You can also explore running inference and training these models using our Colab notebook:
COCO¶
Implementation |
Model |
Val PQ |
Avg. Latency (ms) |
Params (M) |
Input Size |
|---|---|---|---|---|---|
LightlyTrain |
dinov3/vitt16-eomt-panoptic-coco |
38.0 |
13.5 |
6.0 |
640×640 |
LightlyTrain |
dinov3/vittplus16-eomt-panoptic-coco |
41.4 |
14.1 |
7.7 |
640×640 |
LightlyTrain |
dinov3/vits16-eomt-panoptic-coco |
46.8 |
21.2 |
23.4 |
640×640 |
LightlyTrain |
dinov3/vitb16-eomt-panoptic-coco |
53.2 |
39.4 |
92.5 |
640×640 |
LightlyTrain |
dinov3/vitl16-eomt-panoptic-coco |
57.0 |
80.1 |
315.1 |
640×640 |
LightlyTrain |
dinov3/vitl16-eomt-panoptic-coco-1280 |
59.0 |
500.1 |
315.1 |
1280×1280 |
EoMT (CVPR 2025 paper, current SOTA) |
dinov3/vitl16-eomt-panoptic-coco-1280 |
58.9 |
- |
315.1 |
1280×1280 |
Training follows the protocol in the original
EoMT paper. Tiny models are trained for 360K steps
(48 epochs), small and base models for 180K steps (24 epochs) and large models for 90K
steps (12 epochs) on the COCO dataset with batch size 16 and learning rate 2e-4. The
average latency values were measured with model compilation using torch.compile on a
single NVIDIA T4 GPU with FP16 precision.

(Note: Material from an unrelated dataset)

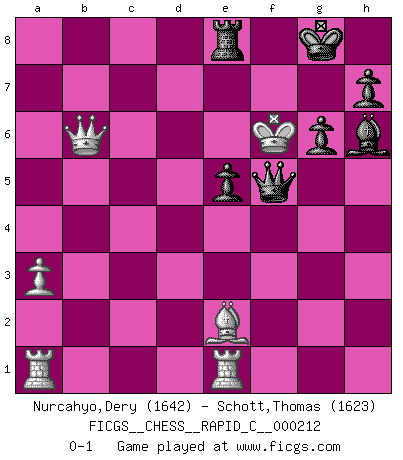 Last move : 0-1 2019 September 15 20:31:48 [Event "FICGS__CHESS__RAPID_C__000212"] [Site "FICGS"] [Date "2019.05.28"] [Round "1"] [White "Nurcahyo,Dery"] [Black "Schott,Thomas"] [Result "0-1"] [WhiteElo "1642"] [BlackElo "1623"] 1.c4 c5 2.Nf3 e5 3.Nc3 Nc6 4.d3 g6 5.a3 a5 6.e3 Bg7 7.Nd5 Nge7 8.Nc3 d5 9.cxd5 Nxd5 10.Ne4 b6 11.Be2 f5 12.Ng3 O-O 13.Qa4 Bd7 14.Qc4 Be6 15.Qa4 Qd6 16.Qh4 Bf6 17.Qh6 Qe7 18.e4 fxe4 19.Nxe4 Bg7 20.Qd2 Nf4 21.O-O Rad8 22.Ne1 c4 23.Qe3 Nd4 24.Bd1 cxd3 25.Nxd3 Nf5 26.Qxb6 Nxd3 27.Nc3 Rb8 28.Qxa5 Nd4 29.Ne4 Qh4 30.f3 Nxc1 31.Rxc1 Rb5 32.Qa6 Rxb2 33.Ng3 Rfb8 34.Re1 Bh6 35.Ra1 Bh3 36.gxh3 Qxh3 37.Be2 Nxf3+ 38.Kf2 Qxh2+ 39.Kxf3 Rf8+ 40.Ke4 Qh4+ 41.Kd5 Qd4+ 42.Ke6 Rb6+ 43.Qxb6 Re8+ 44.Kf6 Qf4+ 45.Nf5 Qxf5+ 0-1 English : Symmetrical variation Kingside Castling by player Black (move 12) Kingside Castling by player White (move 21) Player Black won this chess game. Follow this game move after move (download)The older I grow, the more I value Pawns. (Keres) Alle offensichtlichen Züge sehen nach dem Spiel in der Analyse verdächtig aus. (Viktor Kortschnoi) Existen dos clases de sacrificios: los correctos y los míos. (Mikhail Tal) Le joueur d'Echecs qui veut atteindre le top est obligé de développer son propre credo créatif. Alexeï Stepanovicth Souétine. Il est facile d'écrire des livres ! Ce qui est difficile, c'est de jouer ! (Alexeï Stepanovicth Souétine) Knowledge will give you power, but character respect. (Bruce Lee)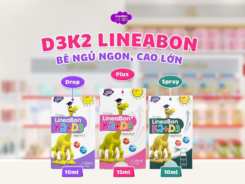 Bộ ba sản phẩm D3K2 Lineabon giúp cung cấp đầy đủ lượng D3 và K2 cần thiết cho trẻ.

Train a Panoptic Segmentation Model¶
Training a panoptic segmentation model with LightlyTrain is straightforward and only requires a few lines of code. See data for more details on how to prepare your dataset.
import lightly_train
if __name__ == "__main__":
lightly_train.train_panoptic_segmentation(
out="out/my_experiment",
model="dinov3/vitl16-eomt-panoptic-coco",
data={
"train": {
"images": "images/train", # Path to train images
"masks": "annotations/train", # Path to train mask images
"annotations": "annotations/train.json", # Path to train COCO-style annotations
},
"val": {
"images": "images/val", # Path to val images
"masks": "annotations/val", # Path to val mask images
"annotations": "annotations/val.json", # Path to val COCO-style annotations
},
},
)
During training, the best and last model weights are exported to
out/my_experiment/exported_models/, unless disabled in save_checkpoint_args:
best (highest validation PQ):
exported_best.ptlast:
exported_last.pt
You can use these weights to continue fine-tuning on another dataset by loading the
weights with model="<checkpoint path>":
import lightly_train
if __name__ == "__main__":
lightly_train.train_panoptic_segmentation(
out="out/my_experiment",
model="out/my_experiment/exported_models/exported_best.pt", # Continue training from the best model
data={...},
)
Load the Trained Model from Checkpoint and Predict¶
After the training completes, you can load the best model checkpoints for inference like this:
import lightly_train
model = lightly_train.load_model("out/my_experiment/exported_models/exported_best.pt")
results = model.predict("image.jpg")
results["masks"] # Masks with (class_label, segment_id) for each pixel, tensor of
# shape (height, width, 2). Height and width correspond to the
# original image size.
results["segment_ids"] # Segment ids, tensor of shape (num_segments,).
results["scores"] # Confidence scores, tensor of shape (num_segments,)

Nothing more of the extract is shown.